Между светлыми кубами домов мелькнула вдали черная качалка нефтяного насоса, уже не кланяющаяся, как в прежние времена, замершая навечно и тоже брошенная без призора. Сразу после войны здесь, в пригороде, нашли нефть и, быстренько выкорчевав виноградники, понабурили скважин, понаставили железных вышек, качалок, приготовились к капитальной добыче, а нефть пропала, и оказалось, что зря перевели виноградники, подняли людей с насиженных мест, здешний колхоз отправили на новое место — далеко в безводную степь, а эти плодородные земли превратили в полупустыню. Ах, какая красота, говорят, была здесь когда-то, какие отборные виноградники до самого моря!

Впереди них по широкой асфальтированной улице прошел, светя окнами, троллейбус, — верно, последний, время-то уже позднее. Пуск троллейбусной линии — целая эпопея в жизни города, и Георгий принимал в этом деле немалое участие.

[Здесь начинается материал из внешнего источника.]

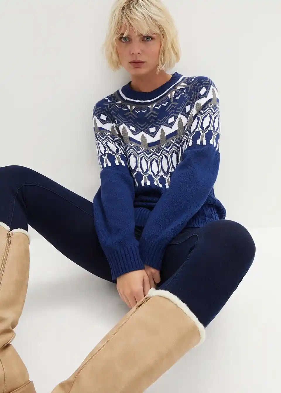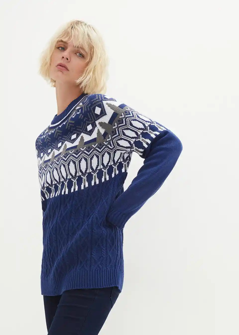 Lockerer Pullover mit Norweger Muster
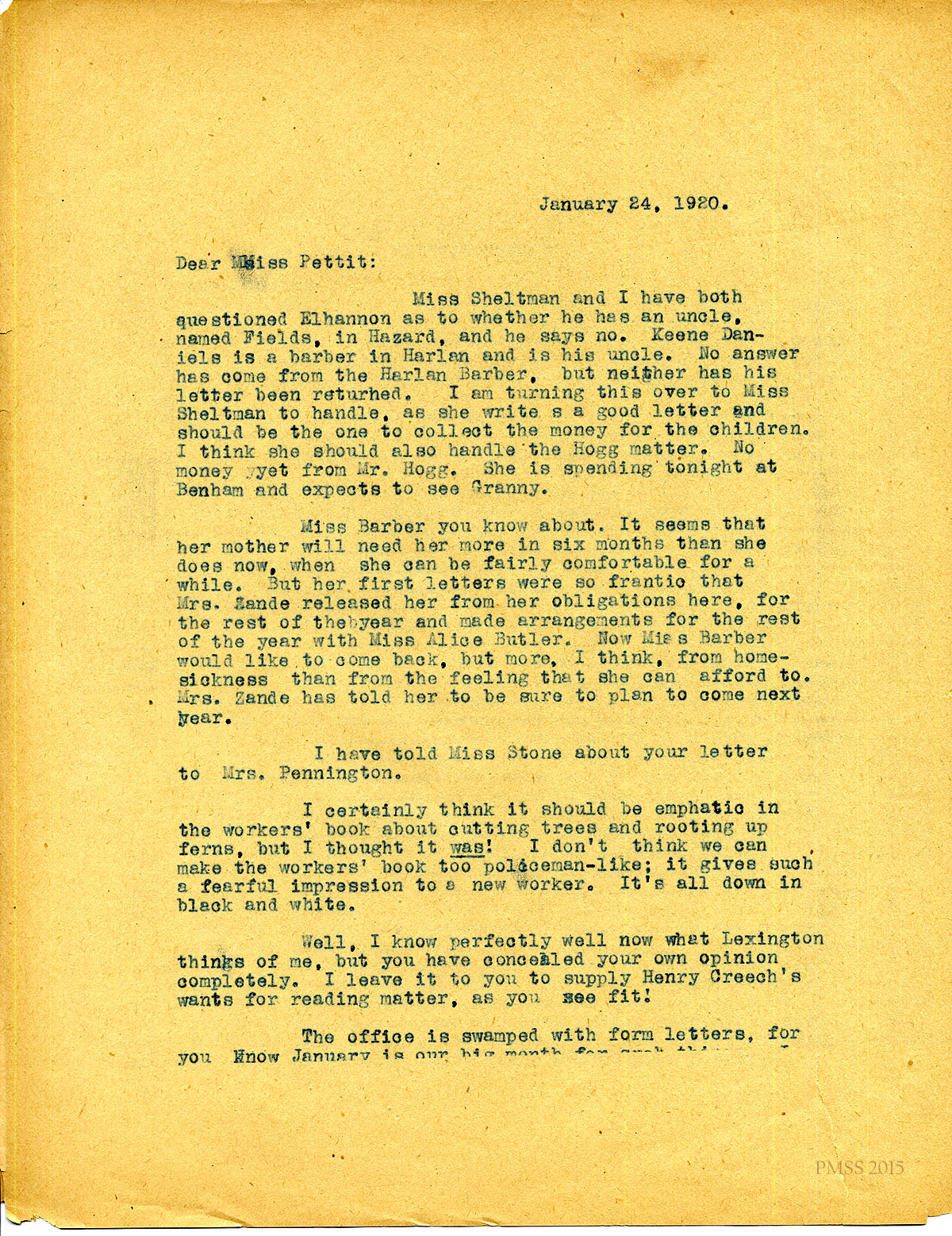 January 24, 1920. [unsigned] to Miss Pettit. Miss Sheltman; Elhannon; Miss
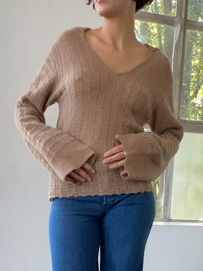 Price: $138.00 | Pale brown alpaca blend knit sweater. Slouchy fit with a v neck and collar. Ultra soft. In excellent condition - original tags still attached. Designer is Mozdeh Matin. MEASUREMENTS in inches Bust 37 Waist 34 Length 25 MATERIALS Baby alpaca, merino wool, recycled polymide |
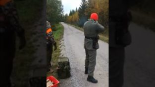 Ein Jäger in Finnland nicht ein Kaninchen zu erreichen, die nicht eingeschüchtert und läuft auf ihn.
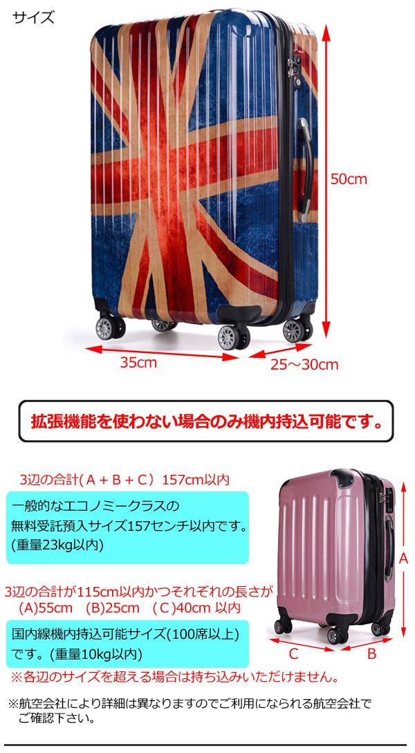 | 仕様 | 容量:約35~40L 拡張機能 キャスター8輪(Wキャスター×4) TSAロック搭載 無料受託預入サイズ(157センチ以内) 国内線機内持込可(100席以上)※拡張機能を使わない場合のみ |

Троллейбусом они бы добрались в десять минут, но он им заказан — мало ли на кого можно нарваться в общественном транспорте?

Когда-то, давным-давно, на месте этой улицы тянулись персидские караван-сараи с высокими глиняными дувалами, с воротами, окованными железом, украшенными гербом, — кажется, там был изображен лев с мечом в лапе, золотой лев на красном поле. Какие-то саманные развалюшки остались с тех незапамятных времен и на долю детства Георгия — он жил тут неподалеку, в так называемых домах нефтяников, мама до сих пор там живет.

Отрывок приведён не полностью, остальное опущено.